On Friday, Harris County District Attorney Kim Ogg announced that a Democratic political consultant was convicted of coercion after he tried to affect the outcome of the 2020 Texas House of Representatives District 132 election.
Damien Jones was convicted of coercion of a public servant for sending anonymous threatening text messages to then-State Rep. Gina Calanni of District 132, local outlet KTRK-TV reports.
Jones was attempting to convince Calanni to resign rather than run for reelection when he sent the text messages, Ogg said. The threat was allegedly made on Dec. 2, 2019, just days before the 2020 election filing deadline.
“I was home alone, and I got this threat from this number I didn’t know, and it was disturbing,” Calanni said in 2020. Calanni reported the threat to the Texas Department of Public Safety, which investigated the case in conjunction with the DA’s Office Public Corruption Division.
Jones was convicted of a Class A misdemeanor and was facing up to a year in the Harris County Jail, up to a $4,000 fine, or both. He was sentenced to one year of probation following a three-day trial. He must also complete a class on making “good decisions” and 30 hours of community service, the DA’s office said.
“At a time when threats against public servants are at an all-time high, it is critical to hold accountable those who would try to subvert the will of the people by coercing a state representative into dropping out of an election,” Ogg said. “We thank the jurors for their service.”
The case was prosecuted by Kimberly Smith and Michael Levine of the District Attorney’s Public Corruption Division. Comments from both of them were published in a written statement from Ogg’s office.
“This was a case of ambition that crossed the line into criminal conduct,” Levine said. “By trying to coerce a politician into resigning, he illegally sought to influence an election.”
“This goes beyond just expressing your opinion.

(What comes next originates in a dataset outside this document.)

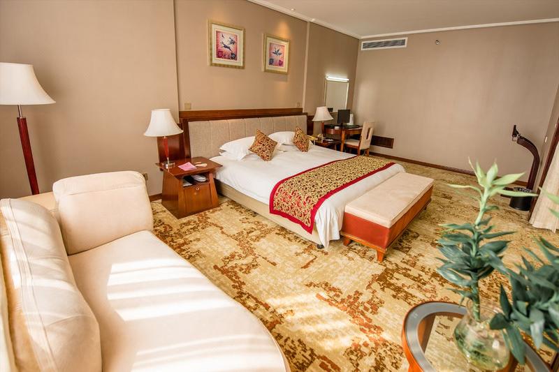 宾馆位于涧西区万达与环牡丹广场两大商圈内,毗邻中国第二大地铁站牡丹广场站;通过地铁1、3号线牡丹广场站E出口可直达酒店大堂;距王城公园约2.5公里、隋唐城遗址公园约6.4公里。 宾馆内部与周边设施齐全,与万达广场、南昌路王府井商圈、广州市场商圈、西苑公园、牡丹公园近在咫尺,与洛浦公园遥相呼应。酒店门前地铁1号线串联全国重点文物保护单位——隋唐洛阳城遗址与金元古城等著名景点。 宾馆建筑风格端庄典雅,主楼共24层,内设多种房型客房共计三百余间(套),房内配设齐全。 圣保罗西餐厅主营异域格调的巴西烤肉;皇朝食府中餐厅以融合菜为基调,辅以洛阳特色佳肴打造高端饮食文化。顶层法式餐厅以法式大餐为主题,让宾客在法式的浪漫中寻找欧洲中世纪的情调;四个大小不一的现代化会议室可同时容纳400人进行会议、展示等活动,满足宾客对各类会议的服务需求。 洛阳友谊宾馆以亲情化服务为宗旨,为宾客提供一流的住宿、餐饮服务,同时赠予每位宾客温馨的享受及美好的回忆。

This was a threat,” Smith said. “This is a prime example of showing that no matter what your profession is, you are going to be held responsible for what you say and do.”
This isn’t the first time in recent memory that Harris County has experienced a scandal around election issues. In March, former county elections administrator Isabel Longoria resigned after the Texas primary after it was discovered her office had failed to count 10,000 mail-in ballots. Longoria was appointed to her position by progressive Judge Lina Hidalgo.